Richard Turner (died 1565?) was an English Protestant reformer and Marian exile.
Born in Staffordshire, he was educated at Magdalen College, Oxford, of which he became a Fellow. He graduated B.A. on 19 July 1524, M.A. on 12 July 1529, and B.D. on 27 January 1536, and supplicated for D.D. in 1552. On 25 January 1536 he was elected to a perpetual chantry in the king's college at Windsor. He was appointed by Ralph Morice, Thomas Cranmer's secretary, to be rector of Chartham, Kent, where he neglected Catholic rites.
He was a staunch supporter of royal supremacy, and was able to avoid the dangers besetting an ecclesiastic under Henry VIII. In 1543 a bill of accusation was presented against him and others of Cranmer's chaplains and preachers at the sessions for not complying with the statute of the Six Articles; this attack was aimed at Cranmer himself, who however possessed the favour of the king, and the indictments in consequence came to nothing. Turner was at that time living in the family of Ralph Morice. On 1 July 1545 Turner was instituted to the vicarage of St. Stephen's-by-Saltash in Cornwall; he has been doubtfully identified with the Richard Turner who was appointed rector of Chipping Ongar in Essex in 1544, and vicar of Hillingdon in Middlesex in 1545. In July 1549, during popular unrest in Kent against the reformers, Turner went to the rioters' camp and preached against them, narrowly escaping being hanged.

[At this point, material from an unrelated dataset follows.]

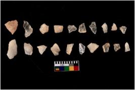 | Description / विवरण | There are n 20 flakes tool; there are multidirectional irregular scar pattern on them, made of short flakes and few have tapering edges. |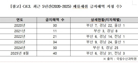 ÆÐ·ùµ¶¼Ò Çã¿ëÄ¡¸¦ ÃʰúÇØ ÇØ¾ç¼ö»êºÎ°¡‘ÆÐ·ù äÃë ±ÝÁöÇØ¿ª’À¸·Î ÁöÁ¤ÇÏ¿© °ü¸®ÇÏ´Â ±ÝÁöÇØ¿ª ¿ª½Ã ¿Ã 8¿ù ¸» ±âÁØ 40°÷À¸·Î 2020³â 30°÷, 2021³â 11°÷, 2022³â 21°÷, 2023³â 34°÷, 2024³â 30°÷º¸´Ù ÈξÀ Áõ°¡Çß´Ù.

Turner suggested to John Marbeck, organist at Windsor, the compilation of his concordance of the English Bible which appeared in July 1550. He had been appointed one of the Six Preachers in Canterbury Cathedral in 1550. On 24 December 1551 he was appointed to a prebend at Windsor, and he also about this time obtained the vicarage of Dartford in Kent.